We intended to head toward La Madeleine, but managed to miss it and ended up all the way North at Sacre Coeur. This is quite a walk. We had lunch along the way, long skinny sandwiches at a little bright cafe with chickens roasing on an open-spit oven in the back, and a fussy circuit breaker which kept shutting off power to the whole place. Sacre Coeur is a relatively new church (completed by 1914, I think) but is still fantastically huge. We payed the fee and toured the crypt below and then climbed the zillion stairs to the huge dome above, from which one can survey the entire city from a catwalk behind pillars at the base of the dome. This is way the hell up, and particularly so when the church is on the highest hill in Paris to begin with. The little walkways and narrow stone staircases and 10-story circular staircase all remind one of the endless details that someone had to figure out in advance and then people had to work out in stone. Fantastic. This was a high point.

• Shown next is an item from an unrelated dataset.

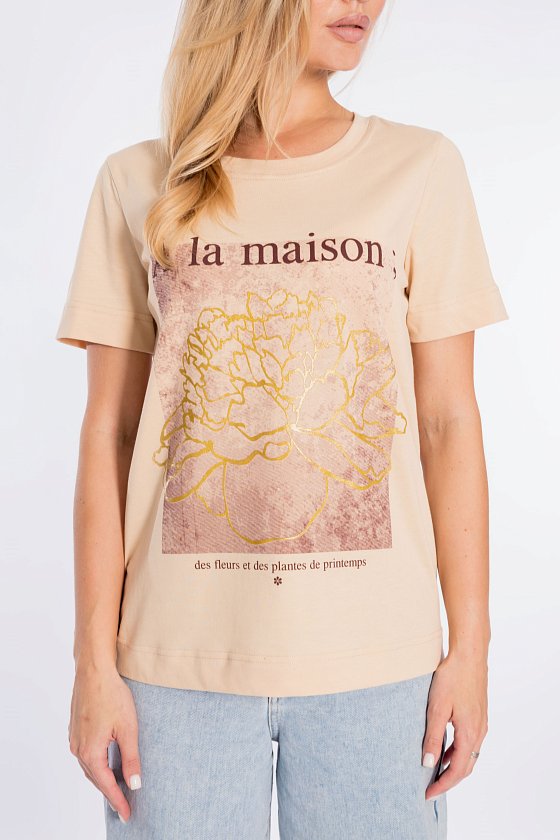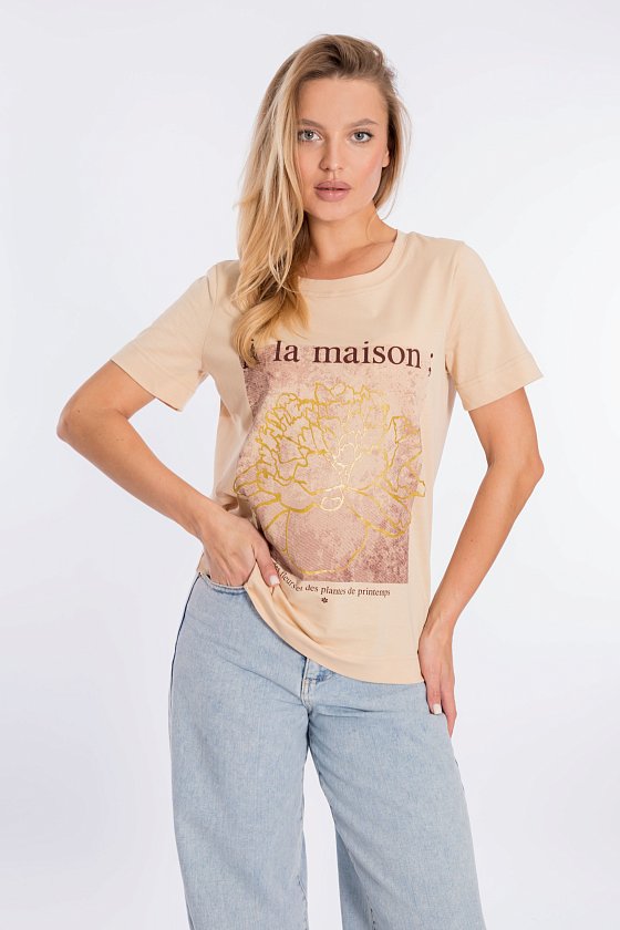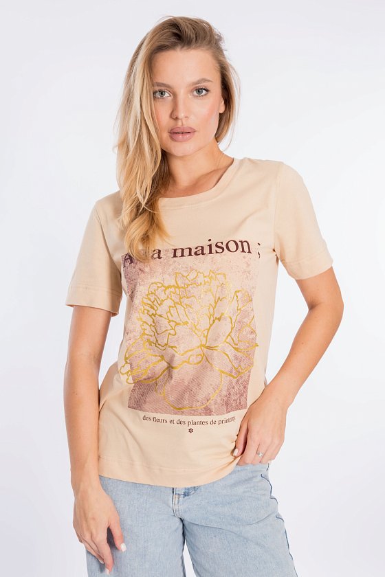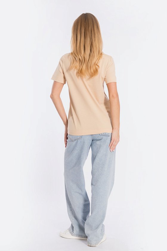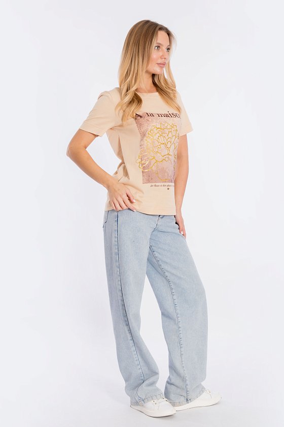 Футболка свободного силуэта из однотонной кулирки, 100% хлопок. С коротким втачным рукавом и притачной планкой по горловине. Спереди нанесён принт.

On the way back down toward the Madeleine, we ran across St. Augustin, another very old, fabulous, huge stone church, and we took a bunch more pictures and listened to an organist practicing Bach and others on the small-ish choir organ. The Grand organ in the back was beautiful to look at, and one wonders if it still works. I was particularly taken with this building, as it was gigantic and seemed neglected and was kind of falling apart. The entire opening to the huge dome at the crossing, high overhead, was covered with a screen, presumably because stuff was falling down and was a risk to people.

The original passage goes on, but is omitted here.